Маленький классик, я, идя в гимназию, нёс жизнь свою и своей матушки.
Предстоял самый страшный экзамен, - письменный латинский, у учителя, который заставлял нас зубрить целые страницы из Саллюстия и требовал, чтобы мы делали переводы, не заглядывая в текст. Можно было бы подумать, что нам всю остальную жизнь придётся говорить только по-латыни!
От текста, который был нам продиктован для перевода, веяло ужасом. Тут были самые трудные глаголы. Самые редкие исключения. Самые изысканные обороты. Так не говорил и не писал ни один римлянин!
И от нас требовали, чтобы мы употребляли "самые латинские" выражения.
Этот текст грозил сотнями опасностей, Каждое слово скрывало за собой ловушку и гибель. Минута рассеянности, минута ослабнувшего внимания - и всё погибло.
Можете себе представить, как я мог сосредоточиться на латинских исключениях, когда перед моими глазами всё время стояла мать. Спальня, полная запахом лекарств. Моя мать кое-как перебралась с кровати, стоит на коленях и со слезами молится теперь перед иконой, перед которой затеплила лампадку.
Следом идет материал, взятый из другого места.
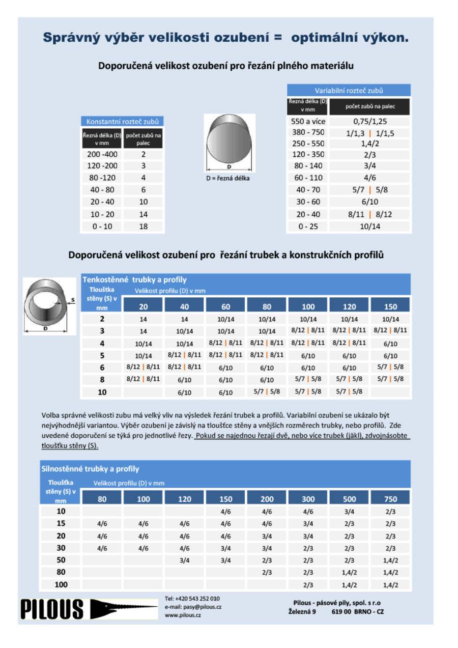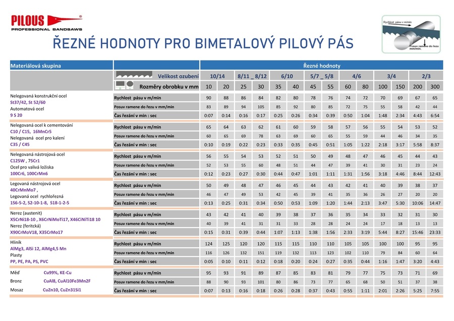 1. Podle níže uvedených řezných rychlostí vyberte vhodnou rychlost dle děleného materiálu.
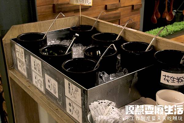 醬料是採用自助式,可以依照自己的喜好調配,這裡有很好吃的水果醋可以搭配。
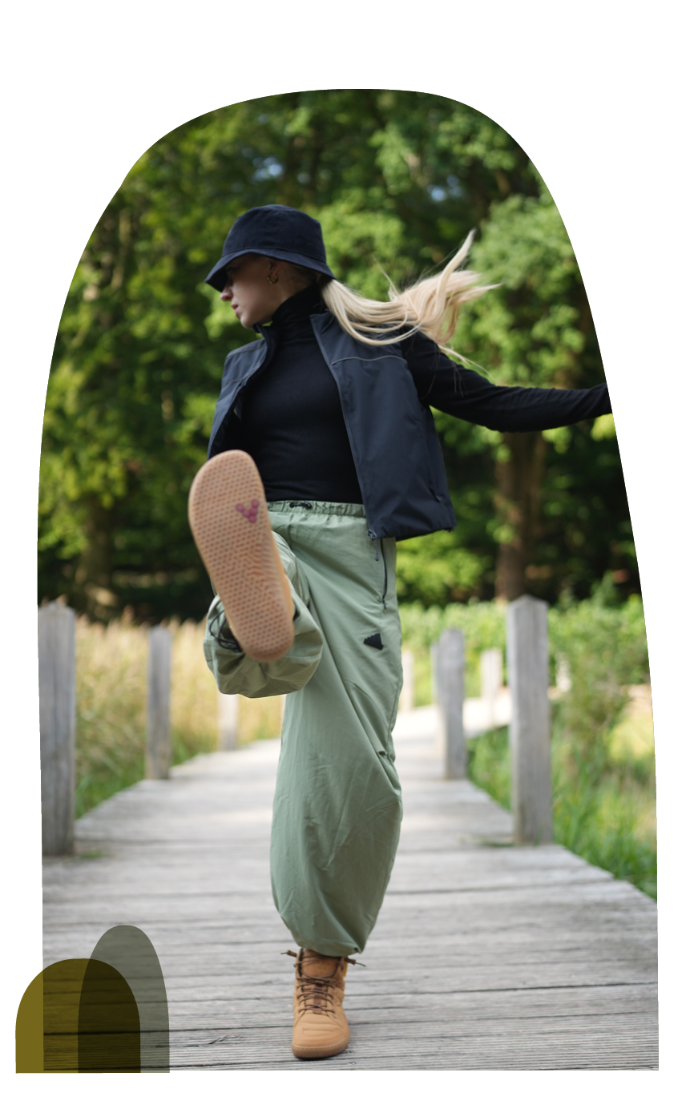 Die flache Sohle unsere Minimalschuhe fördern eine aufrechte Haltung und können dazu beitragen, langfristig Knie-, Hüft- und Rückenschmerzen zu vermeiden und zu lindern.
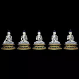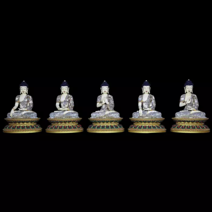 Все пять Будд изображены в медитативных позах, каждая из которых выражает особый жест — мудру, отражающую различные пути духовного постижения. Эти жесты символизируют разные состояния просветления: мудрость, сострадание, внутреннее равновесие, защиту и преодоление невежества. Вместе они образуют единую систему духовной гармонии, отражающую буддийское представление о совершенстве сознания.
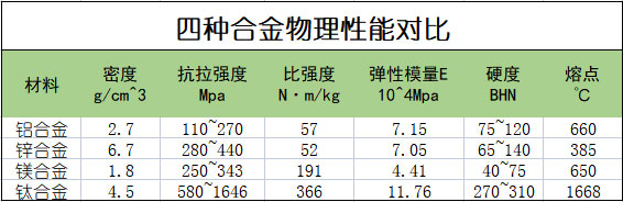 這四種合金,鈦合金最硬,強度也最高。硬度方面,鈦合金要遠硬于其他三種合金。就抗拉強度而言,鈦合金強于鋅合金,其次是鎂合金,強度最低的是鋁合金。
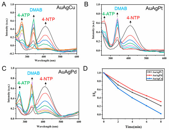 When AuAgPt nanoalloy was used as catalyst (Figure 6B), the complete conversion of 4-NTP required 12 min. However, when AuAgPd nanoalloy was used as catalyst (Figure 6C), the peak of 4-NTP at 410 nm still existed when the reaction was carried out for 14 min, indicating that the reactant was still not completely reacted. Furthermore, we compared the time required for the conversion of 4-NTP under different catalyst conditions to investigate the catalyst activity. As shown in Figure 6D, we recorded the ratio of the UV–vis spectral absorption peak intensity of the reactant 4-NTP to the initial intensity of the reaction 8 min before the reaction. It can be seen from the Figure 6A that the reactants are basically completely converted under the action of AuAgCu catalyst, and the reactants are completely converted within 8 min under the conditions of AuAgPt and AuAgPd catalysts, and the catalytic activity of AuAgPt is stronger than that of AuAgPd.
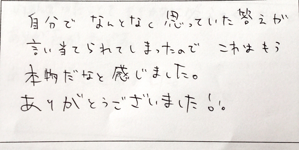 お客様のご感想 · 2019/03/23 「本物だなと感じました」 お客様より鑑定のご感想をいただきました。 ありがとうございます! 【ご感想】 自分でなんとなく思っていた答えが言い当てられてしまったので これはもう本物だなと 感じました。 ありがとうございました!! (Nさま 30代女性) ★鑑定スケジュールはトップページから ★お客様からいただいたご感想一覧はこちら tagPlaceholderカテゴリ: お客様のご感想
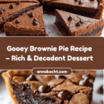 This Gooey Brownie Pie recipe combines the rich, fudgy texture of a classic brownie with the convenient pie form. Featuring a melted chocolate base mixed with eggs, sugar, and flour, this decadent dessert is baked to perfection with a soft, gooey center and chocolate chips folded throughout for added bursts of flavor.
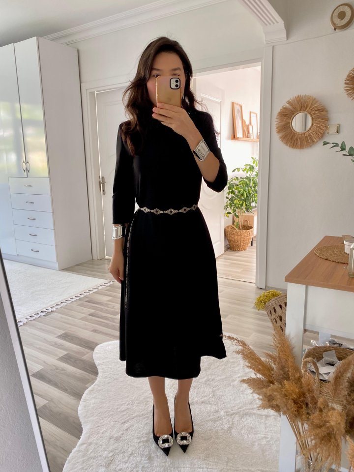 Kadın Uzun Kollu Bisiklet Yaka Midi Ithal Krep Elbise
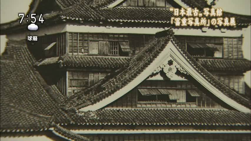 Here’s an image from TV showing the extent to which Tomishige’s photo of the castle recorded small details (e.g. the roof tiles, etc.). The detail and clarity of these photos made them invaluable in the restoration process after Kumamoto Castle was destroyed in the Seinan War. If you’d like to see this and other photos up close, click on the following link to get the details about the exhibition being held this month at Kumamoto University.
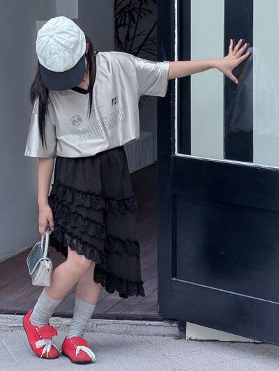Set 2 pezzi di top a maniche corte con collo rotondo e stampa a lettera e gonna per ragazze adolescenti, minimalista
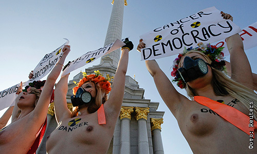 Во время открытия Международного форума, посвященного 25-летию Чернобыльской трагедии, женское движение FEMEN провело акцию "Бардак в Саркофаг".

- Цезарь собрал два новых легиона.
Я знаю, для чего здесь поставлено это "собрал". За этим простым словом спрятана опасность, и я её вовремя заметил. Есть такое особое латинское, специальное выражение, которое я сейчас и поставлю.
- Caesar duas novas legiones…
Самое нужное слово выскочило из головы.
- Collexit? Нет, не "collexit". Conjunxit? Нет, не conjunxit! Как же? Как же?
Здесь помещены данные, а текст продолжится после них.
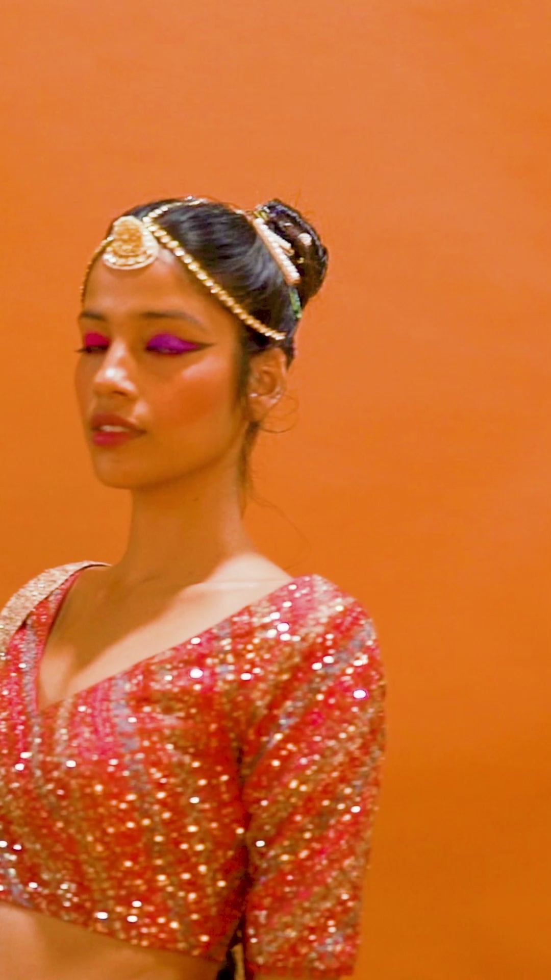 A bright orange silk lehenga, hand-embroidered with colourful thread zardozi motifs. The blouse is intricately hand-embroidered with sequins & colourful threadwork.
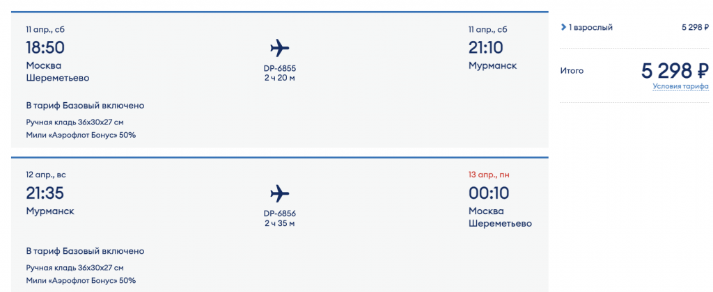 Из Москвы в Мурманск на следующие выходные 5.300 рублей туда-обратно.
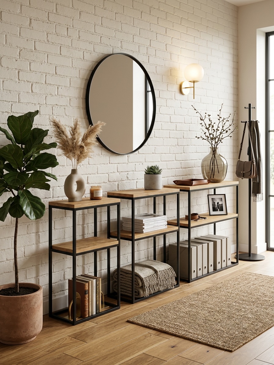 Loft wooden furniture console 40x80x20cm 2 shelves
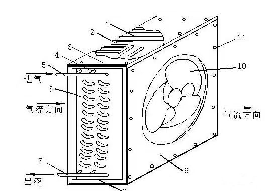 空气强制流动的空冷冷凝器:如下图所示,它由一组或几组带有肋片的蛇管组成。制冷剂蒸气从上部集管进入蛇管,其管外肋片用以强化空气侧换热,补偿空气表面传热系数过低的缺陷。在结构方面,沿空气流动方向的管排数愈多,则后面排管的传热量愈小,使换热能力不能得到充分利用。为提高换热面积的利用率,管排数以取4-6排为好。
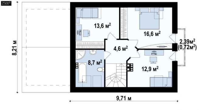 Возможно строительство альтернативных видов кровли, например керамическая плитка, компазитная черепица и т.п., согласно пожеланиям клиента и по подтверждению конструктора.

Слово вертелось где-то около, словно звучало, и я не мог его расслышать. В голову лезла всякая дрянь.
- Как же? Как же это особое, специальное слово? Ведь я знал его! Знал! Знаю и сейчас! Как оно?
Ум больше ни над чем не работал. Дальше я не мог переводить. Передо мной стояли Цезарь и его два новые легиона и никуда дальше не пускали.
И вдруг мне захотелось плакать, рыдать, к горлу подступил какой-то ком, в глазах всё завертелось.
Я вдруг вскочил на парту, перешагнул через товарища и подал учителю совершенно чистую тетрадь.
Он, я видел, взглянул, увидел, что ничего не написано и подчёркнуто, равнодушно положил её в кипу тетрадей лучших учеников, уже кончивших перевод.
Я выбежал из класса, потому что ещё минута - и я бы зарыдал.
Я шёл по улице неровно, словно пьяный, ноги подкашивались и дрожали, в голове всё шло кругом… Цезарь, матушка, два легиона… На перекрёстке мне преградили путь дравшиеся ломовые.
И вдруг я не вспомнил, - нет, я увидел комментарии Цезаря к Галльской войне, увидел страницу, строчку, где чётко, ясно было напечатано:
- Caesar duas novas legiones conscripsit.
Вот оно специальное, техническое слово!
Но в гимназию было возвращаться уже нельзя. Это не полагается.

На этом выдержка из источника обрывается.